The United States food and drug administration regulatory process

Since 1976, the FDA has been responsible for ensuring the safety of medical devices sold to consumers. This responsibility was established when the Federal Food, Drug, and Cosmetic Act was amended to include medical devices (36). According to this act, a device is any “instrument, apparatus, implement, machine, contrivance, implant, in vitro reagent, or other similar or related article, including any component, part, or accessory” which meets the conditions of being: 1) recognized in the official National Formulary, the United States Pharmacopeia, or any supplement to them; 2) intended for use in the diagnosis of disease or other conditions, or in the cure, mitigation, treatment, or prevention of disease in humans or other animals; or 3) intended to affect the structure or any function of the body of humans or other animals, and does not achieve its primary intended purposes through chemical action within or on the body of humans or other animals nor is dependent on being metabolized to achieve its primary intended purposes (37). Medical devices are regulated by the Center for Devices and Radiological Health (38).

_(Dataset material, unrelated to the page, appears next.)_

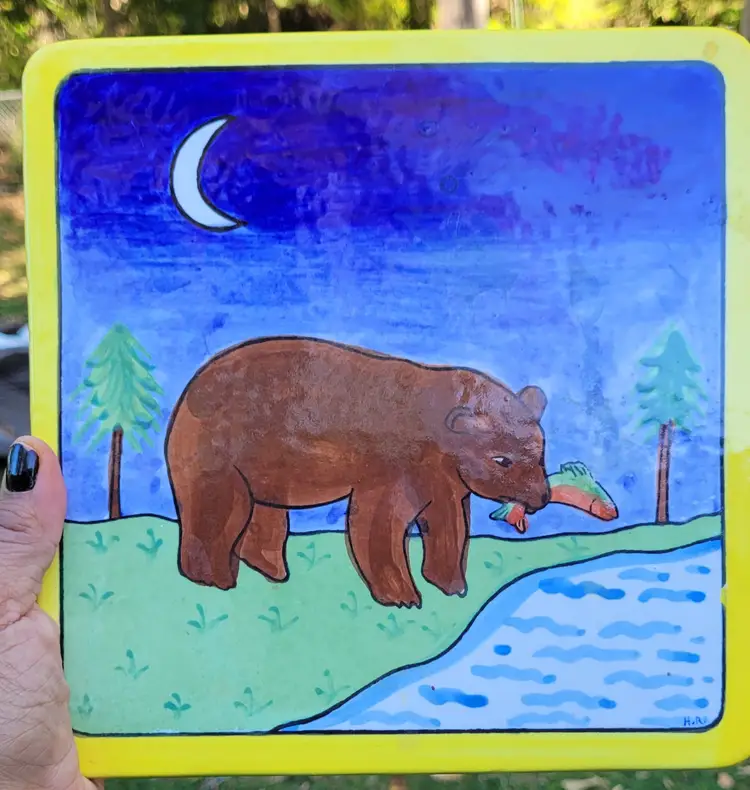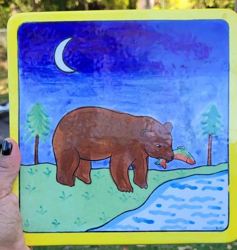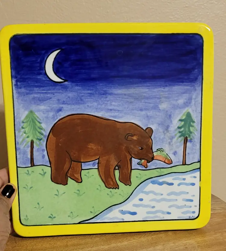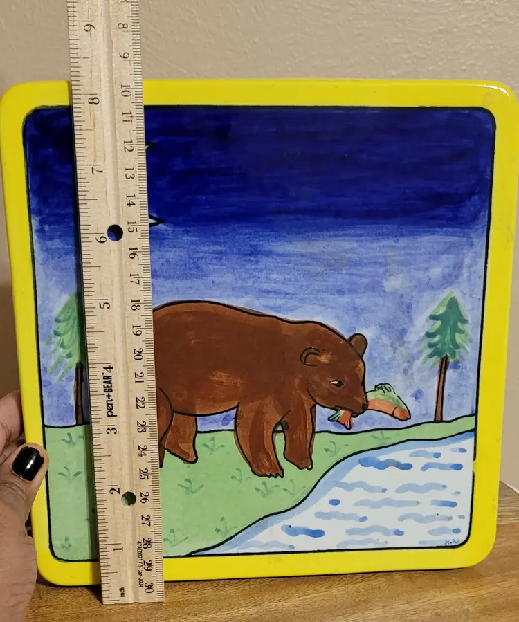 Handmade Ceramic Tile Bear Eating Fish. Heavy tile made in Mexico.

Most medical devices on the market are consecutive iterations of previous devices that have already been approved. However, if a device is completely new, it usually goes through the process of being built as a prototype and patented followed by evaluation on preclinical animal models (36). This process is cyclical with many different changes being required as the testing procedure continues and can take 2-3 years as well as $10-20 million in cost. This process is only the preclinical stage for a completely novel device and is required before it can be used in clinical trials (36).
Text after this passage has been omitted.